In other words, the (Δl + x) is positive or
the spring force is acting downward when the spring is compressed.
In other words, (Δl + x) is negative.
Another force that we have is the damping force F_d due
to the viscosity of the fluid in which the mass is moving,
which is proportional to the mass of speed so that we have F_d = -cx'(t),
where the positive constant c
is the damping constant and the x' is the velocity of the object.
When the speed of the mass' of this is quite small.
Here the negative sign,
it means that the damping force is acting in
the direction opposite to the mass' moving direction.
Finally, there might be some external force f(t) acting on the mass.
Then by the Newton's second law of motion,
first we can think of the forces of the system is m times acceleration.
So m times x double prime must be equal to the total force acting on the system.
In other words, if we have the gravitational force mg and the spring force F_s and
the damping force F_d and any external force f. That is equal to mg - k(Δl +
x) - cx' + f.
Since we know that at the equilibrium state mg = kΔl.
So mg - kΔl cancelled out then simplifying the equation,
we get mx" + cx' + kx = f.
Which is a second order linear constant
coefficients possibly non-homogeneous differential equation.

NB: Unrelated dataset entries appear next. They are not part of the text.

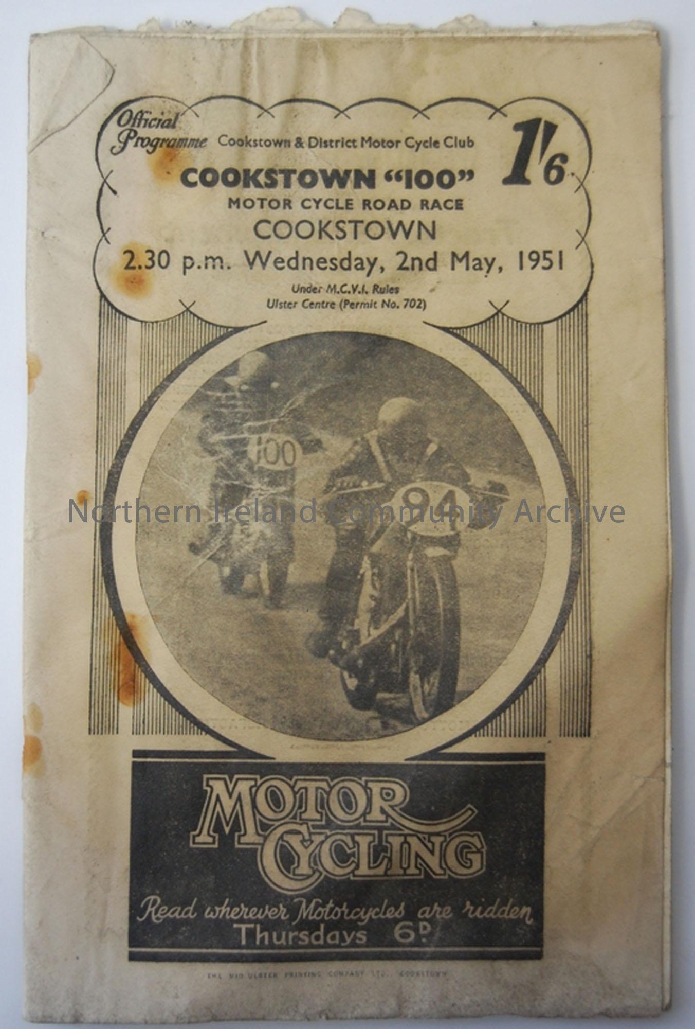 Official Programme of The Cookstown “100” Motorcycle Road Race to be held at Cookstown on Wednesday, 2nd May, 1951.
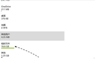 4、接下来可以在这里看到这台电脑目前占用的各种应用的 c 盘, 在底部可以看到大占用的 "临时文件"
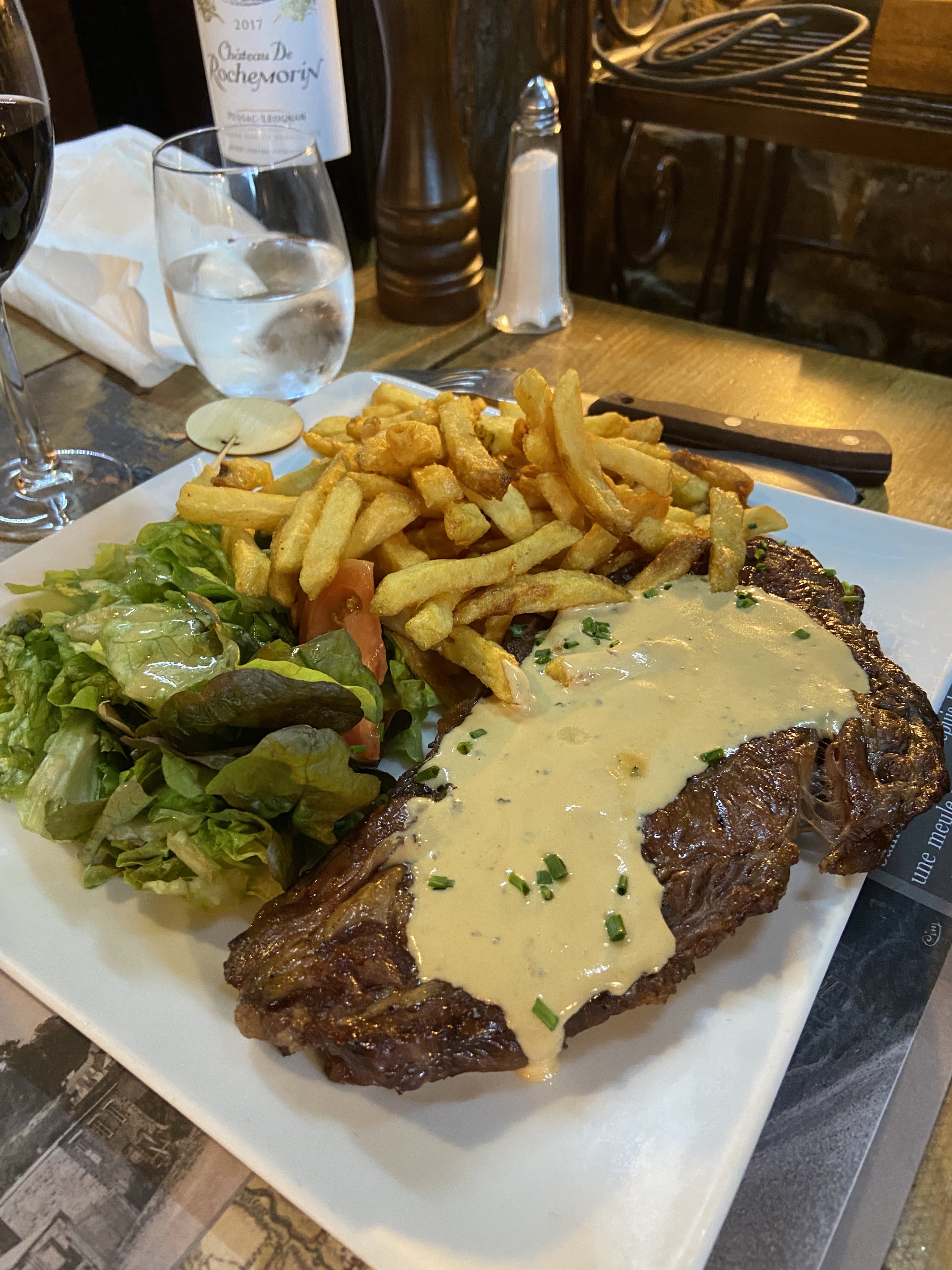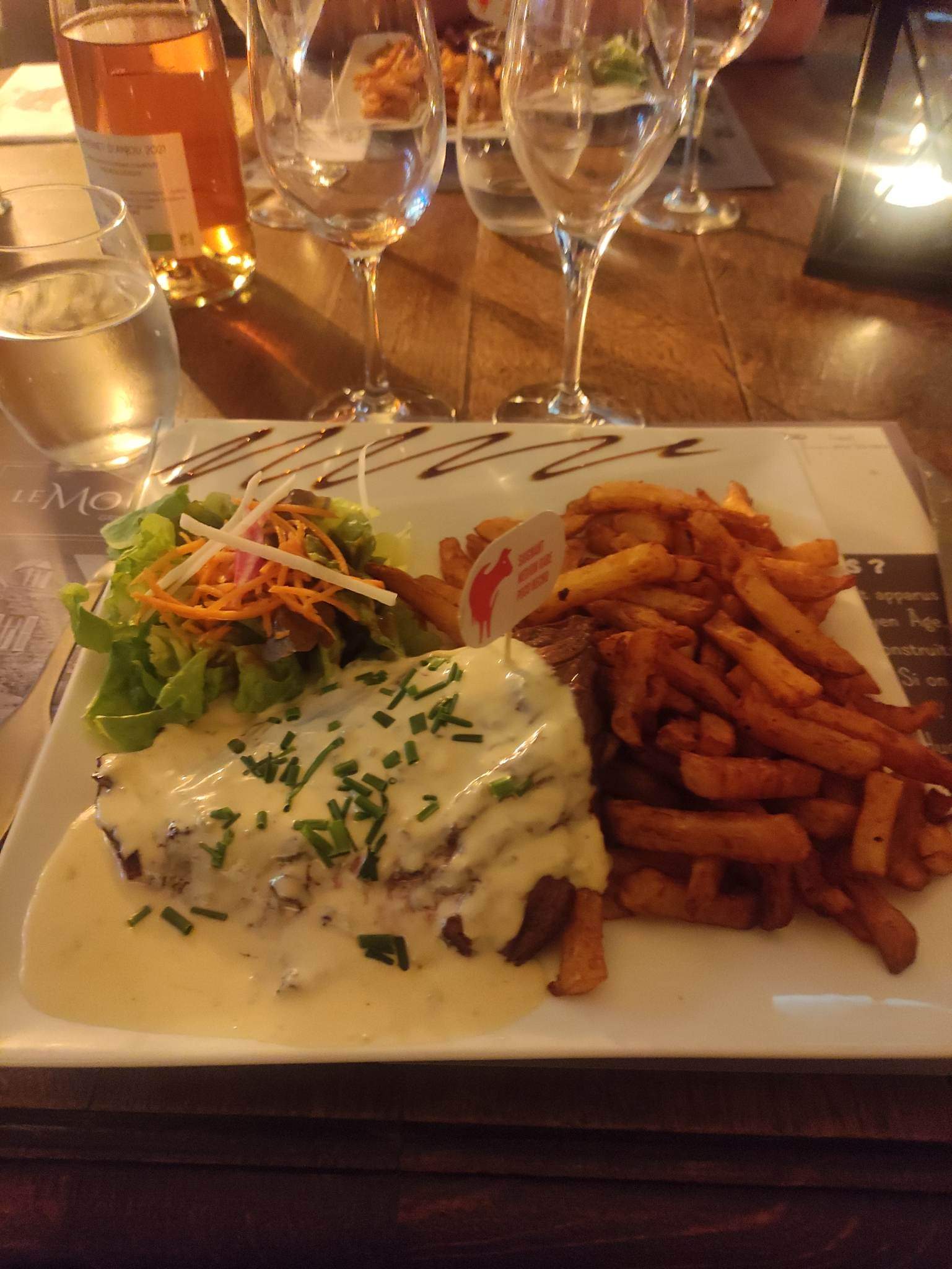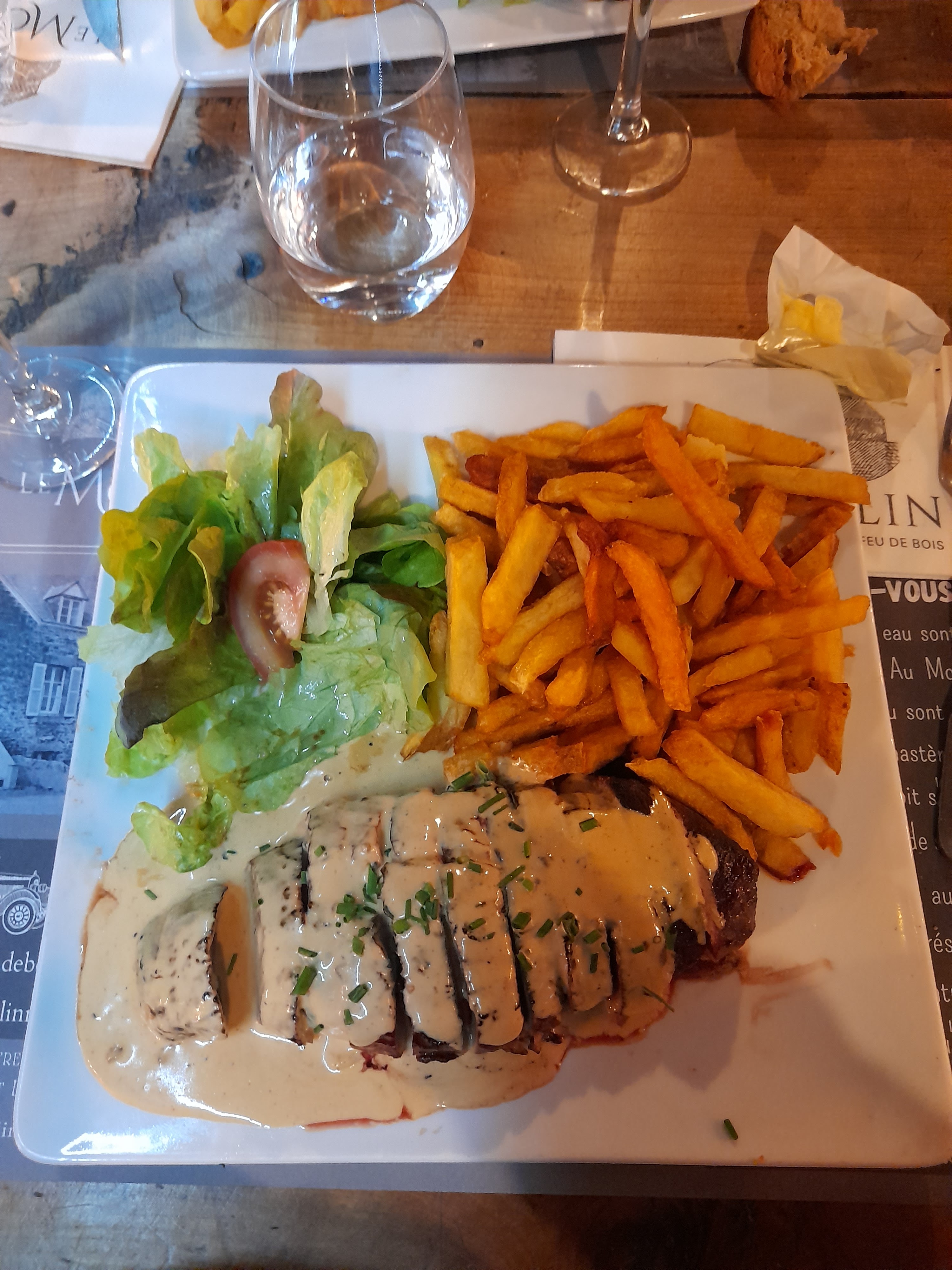 Restaurant très bruyant, service très long (1h d'attente pour les plats) avec de la viande trop cuite qui baigne dans la sauce accompagnée de frites correctes et d'une vinaigrette à la salade...bien décevant. Des plats sont servis avec la sauce sur la viande et d'autres plats ont la sauce à part, la réponse du gérant est que ça a toujours été comme ça et que c'était plus simple à gérer. Nous avons été bien déçus par le restaurant.

We call this differential equation one.
As the differential equation for forced damped motion for general f,
if f is identically zero.
Then we call it as a free damped motion.
Divide the whole equation by m,
divide the whole equation by m. Then you are going to get x" + cx'/m + km/x and that
is equal to f/m,
to give this equation.
Let's set for the computational simplicity,
let's call c/m is equal to two times λ and the k/m,
let's say be equal to omega square and f/m
let's say it to be g. Then we get the second equation say x" + 2λx' + ω square x = g(t).